On high loads some log messages are corrupted or lost. Writed reproducable test.

Environment: java version "1.8.0_102"; logstash-gelf-1.10.0; logback 1.1.7; graylog.

I'm using logback with logstash-gelf-1.10.0 appender, configured using tcp protocol.
Problem is still reproducable on logstash-gelf-1.11.0-SNAPSHOT.

Logback.xml appender config:

<appender name="GELF" class="biz.paluch.logging.gelf.logback.GelfLogbackAppender">
    <host>tcp:${graylogHost}</host>
    <port>12201</port>
    <version>1.1</version>
    <facility>${appName}</facility>

    <extractStackTrace>true</extractStackTrace>
    <filterStackTrace>true</filterStackTrace>

    <timestampPattern>yyyy-MM-dd_HH:mm:ss.SSS</timestampPattern>
    <maximumMessageSize>8192</maximumMessageSize>
</appender>

GelfTcpSender flushing gelf message buffer maven source plugin

mp911de · 2016-10-05T15:15:18Z

pom.xml

@@ -208,6 +208,19 @@
                </executions>
            </plugin>

+            <plugin>


Any particular reason for this change? maven-source-plugin is pulled in through the parent pom and executed on release builds.

No, there is no reason to this change. May be ignored.

mp911de · 2016-10-05T15:32:14Z

Thanks for your PR. Could you help me understand the issue? GelfTCPSender was synchronized once but that lead to performance issues for some users. I currently do not understand why synchronization could solve the issue. SocketChannelImpl synchronizes writes internally (see SocketChannelImpl.write).

Reviewing my code, I found AbstractNioSender.channel is not volatile so a synchronization might resolve visibility issues but adding volatile to AbstractNioSender.channel is required anyways to resolve possible visibility issues with the other senders.

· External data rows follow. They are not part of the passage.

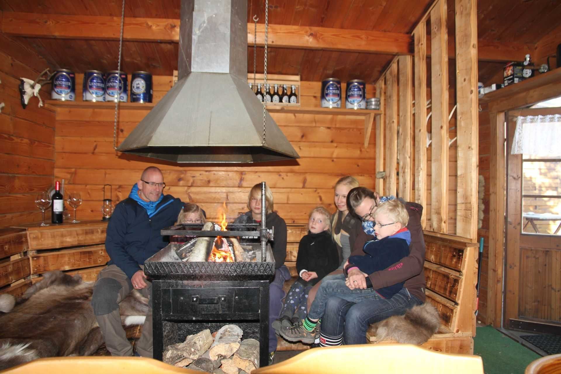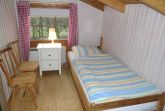 Das urige Blockbohlenhaus liegt etwas abseits in der Gartenanlage des Hofes.
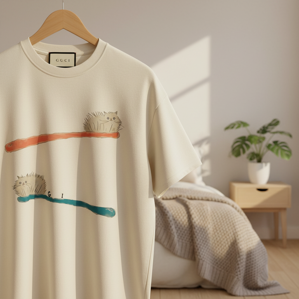 Gucci Off-White Cotton T-Shirt with Fun Cat and Toothbrush Print, Unisex Casual Style, Soft Breathable Fabric, Perfect for Daily Wear, Show Your Unique Trend and Personality.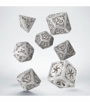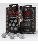 Set de dados Tribal Gris y Marrón – Q WORKSHOP. Diseño exclusivo de Anne Stokes con patrones tribales en cada cara. Incluye 7 dados poliédricos: D4, D6, D8, D10, D00, D12 y D20. Fabricados en material perlado blanco con grabado marrón. Ideal para tiendas especializadas en rol y coleccionismo. Distribución al por mayor para comercios y distribuidores.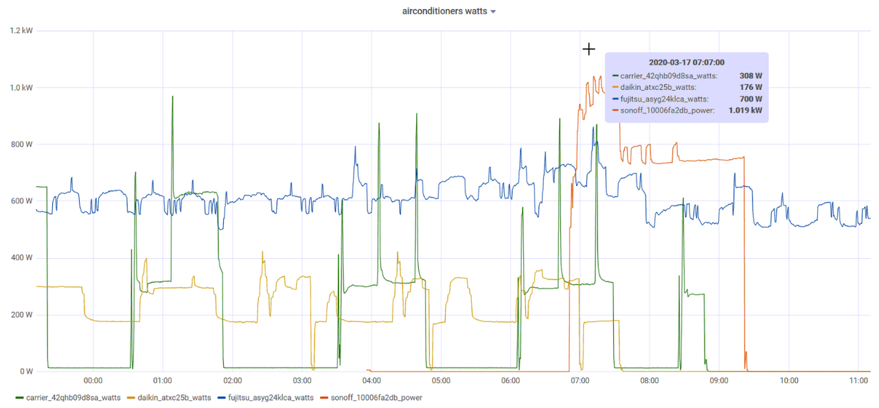 liakjim Δημοσ. 14 Μαΐου 2020 Δημοσ. 14 Μαΐου 2020 3 ώρες πριν, neosstoforum είπε Αντί για αυτήν πιστεύω ότι αξίζει περισσότερο με 2 ευρώ παραπάνω να αγοράσεις την πρίζα Panasonic και το Hub, γιατί θα μπορείς να προσθέσεις και άλλα εξαρτήματα μελλοντικά. H tplink hs110 , είναι καταπληκτική πρίζα μιας και συνδέεται με home assistant ή / και με το κάτωθι αρχείο και έχεις διαγράμματα κατανάλωσης , χαρακτηριστικό που δεν συναντάς αλλού : https://github.com/jamesbarnett91/tplink-energy-monitor Και κάποια δικά μου screenshots από το grafana με HA και το πριζάκι αυτό : 5 1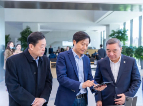 張宇偉(左一)和宋志平(右一)一起到小米集團(tuán)調(diào)研。

I'm also not sure whether SO_SNDBUF might be an issue. If the send buffer is full it won't accept any data. I'm not sure what happens in such case, the socket could either block or throw an IOException. If it's the exception, then the socket gets closed and reopened what could cause package loss.

koeff · 2016-10-05T17:06:27Z

Ok, I'll try to explain the problem (sorry for my English).
I used logstash-gelf in one project, and sometimes there are errors in the graylog's logs:
2016-09-22T10:24:10.039+03:00 ERROR [DecodingProcessor] Error processing message RawMessage{id=56e8539a-8089-11e6-ae01-002590da0246, journalOffset=-9223372036854775808, codec=gelf, payloadSize=1298, timestamp=2016-09-22T05:56:43.832Z, remoteAddress=/192.168.1.12:43523} com.fasterxml.jackson.core.JsonParseException: Unexpected character ('_' (code 95)): was expecting a colon to separate field name and value at [Source: {"_Severity":"INFO","short_message":"...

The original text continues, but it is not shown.